### [Entries provided]
◇ ◇ ◇ ◇
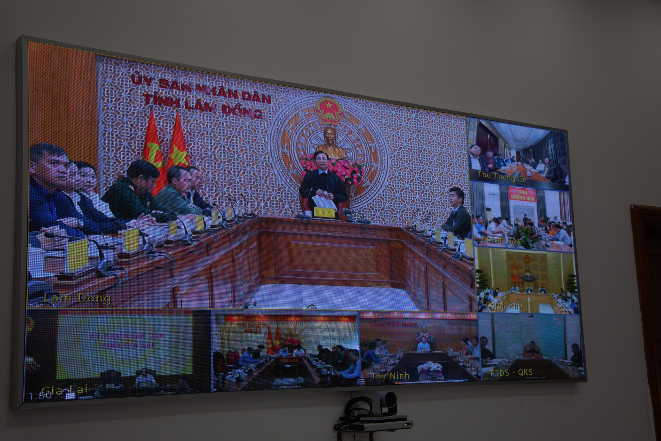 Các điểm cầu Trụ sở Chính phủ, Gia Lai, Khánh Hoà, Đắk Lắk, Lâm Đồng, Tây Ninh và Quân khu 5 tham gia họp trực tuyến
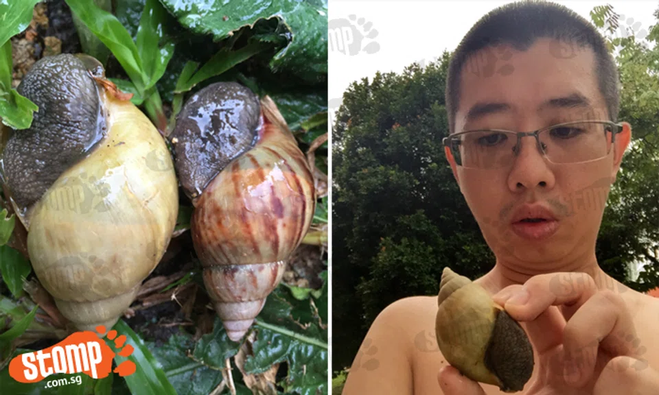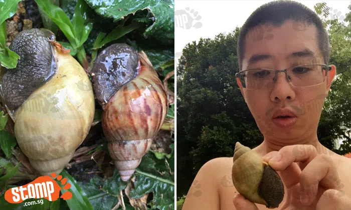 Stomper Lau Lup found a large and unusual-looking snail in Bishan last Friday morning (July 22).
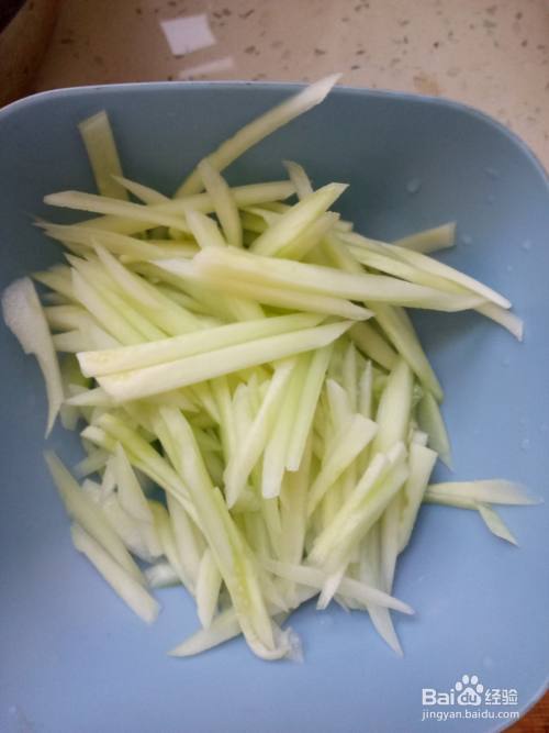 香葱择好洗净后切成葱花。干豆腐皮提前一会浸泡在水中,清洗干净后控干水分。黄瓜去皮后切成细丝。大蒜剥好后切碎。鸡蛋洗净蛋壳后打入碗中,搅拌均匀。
◇ ◇ ◇ ◇
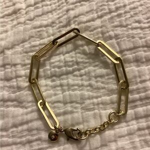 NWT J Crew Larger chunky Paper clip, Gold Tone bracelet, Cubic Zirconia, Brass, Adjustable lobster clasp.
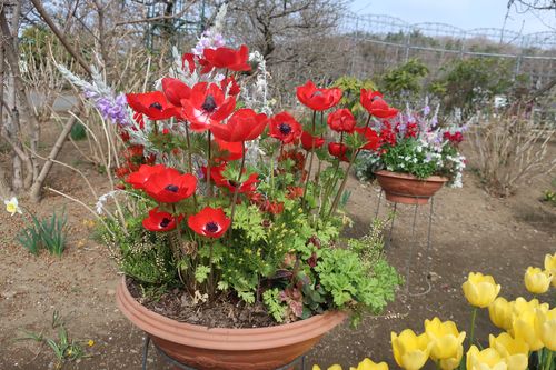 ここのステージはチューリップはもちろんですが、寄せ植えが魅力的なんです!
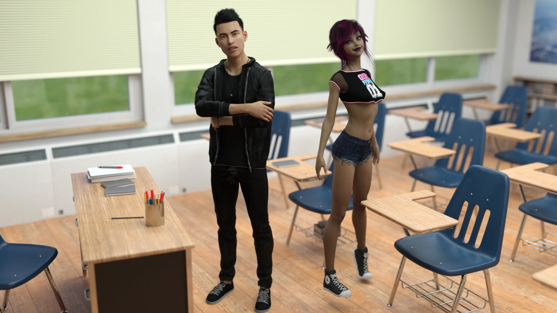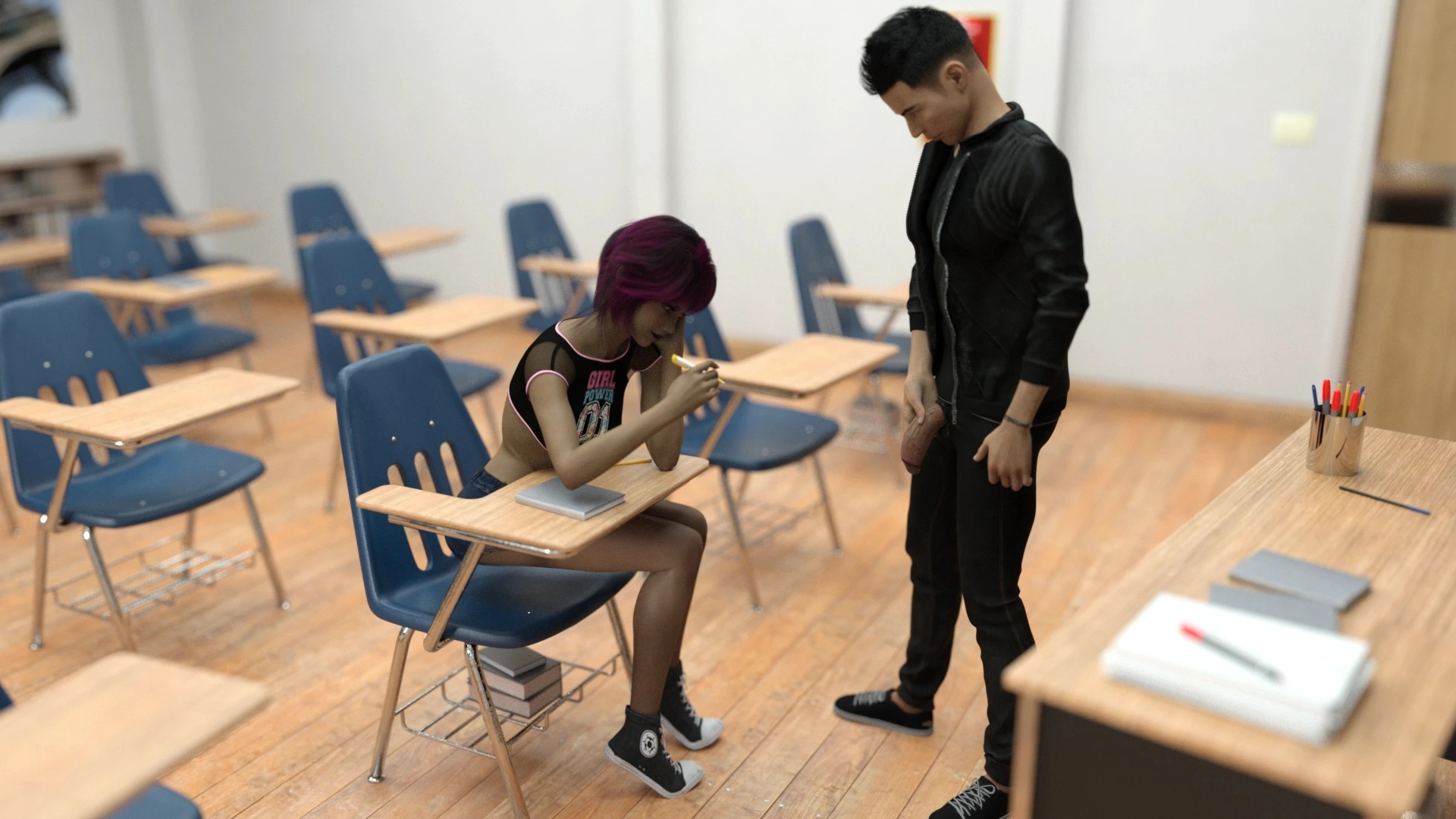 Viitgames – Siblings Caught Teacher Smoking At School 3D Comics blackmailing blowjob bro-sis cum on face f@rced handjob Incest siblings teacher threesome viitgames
◇ ◇ ◇ ◇
### [Aim of the task]
Retype the lines above exactly as they appear, from the line containing "Các điểm cầu" through the line containing "香葱择好洗净后切成葱花。干豆", and leave out any pictures.

### [Response below]
 Các điểm cầu Trụ sở Chính phủ, Gia Lai, Khánh Hoà, Đắk Lắk, Lâm Đồng, Tây Ninh và Quân khu 5 tham gia họp trực tuyến
 Stomper Lau Lup found a large and unusual-looking snail in Bishan last Friday morning (July 22).
 香葱择好洗净后切成葱花。干豆腐皮提前一会浸泡在水中,清洗干净后控干水分。黄瓜去皮后切成细丝。大蒜剥好后切碎。鸡蛋洗净蛋壳后打入碗中,搅拌均匀。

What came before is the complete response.